In various campaign speeches in 1912, Wilson spoke of the need for greater social justice in America. In one speech he argued how

we must see to it that there is no overcrowding, that there is no bad sanitation, that there is no unnecessary spread of avoidable diseases, that there is every safeguard against accidents, that women are not driven to impossible tasks and children not permitted to spend their energy before it is fit to be spent, that all the hope of the race must be preserved, and that men must be preserved according to their individual needs and not according to the programs of industry merely.

In another speech, Wilson put forward a similar case for greater government intervention in society, arguing that

A government is intended to serve the people that live under it. Now, there are a great many ways in which to serve the people that live under it, and our government has neglected some of those ways. We are only just now beginning to learn how to take care of our people, to prevent accidents, where accidents are obviously apt to occur in a great many employments, to prevent unreasonable hours of labor, to prevent women [from] being overworked, to prevent young children from being worked at all. There are a score of things which nowadays we regard as the function of the government, but government has been neglectful of these things because it has been taking care of the particular groups of people and not thinking of the life of the people as a whole. And now the American people, high and wide, are looking directly at the government, are putting away all notions about it.

Wilson also spoke of the need to lift people out of poverty, stating in a speech he made in December 1912

God knows that the poor suffer enough in this country already, and a man would hesitate to take a single step that would increase the number of the poor, or the burdens of the poor, but we must move for the emancipation of the poor, and that emancipation will come from our own emancipation from the errors of our minds as to what constitutes prosperity. Prosperity does not exist for a nation unless it be pervasive. Prosperity is not a thing which can be consumed privately or by a small number of persons, and the amount of wealth in a nation is very much less important than the accessibility of wealth in a nation. The more people you make it accessible to the more energy you call forth, until presently, if you carry the process far enough, you get almost the zest of a creative act.

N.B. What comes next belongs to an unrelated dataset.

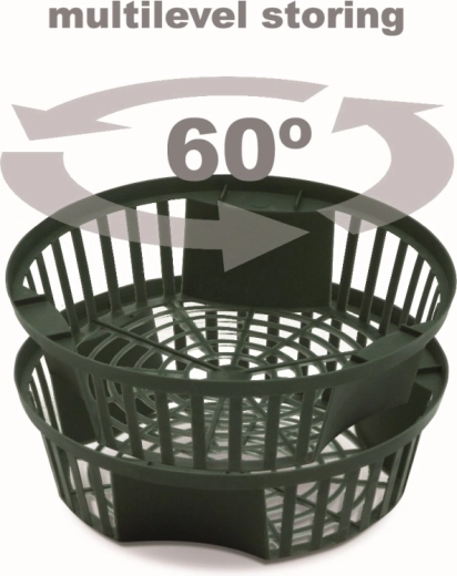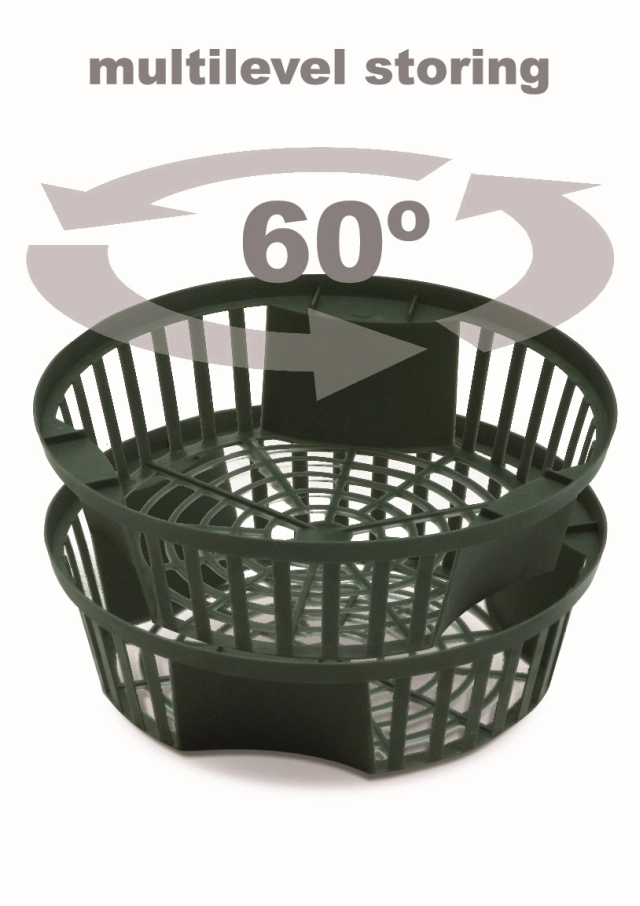Grâce au plastique robuste avec stabilisation UV et résistance au gel, le panier convient à une utilisation extérieure toute l’année. Son profil bas et ses perforations étudiées garantissent un bon drainage et une circulation de l’air autour des bulbes. Après la saison, il suffit de les empiler pour gagner de la place.

Also, while not a socialist, Wilson agreed with the socialist program the Labour Party (UK) put forward in 1918, with the exception of its call for a minimum wage due to Wilson's uncertainty over how this would be maintained. Amongst the program's many proposals included ending joblessness and an expansion of unemployment benefit coverage.

Although the role of government under Wilson did expand in a progressive direction, the New Freedom did not go as far as his rhetoric suggested it would. For instance, while supportive of benefits for workers such as pensions, injury compensation, and profit-sharing plans (noting in his book "The New Freedom" how various companies had introduced such benefits "in good faith" to their employees), Wilson and his administration never pushed legislation through Congress extending these benefits to the entire workforce, while a national health insurance system of the kind advocated by Roosevelt was never established. Despite this, the New Freedom did much to extend the power of the federal government in social and economic affairs, and arguably paved the way for future reform programs such as the New Deal and the Great Society.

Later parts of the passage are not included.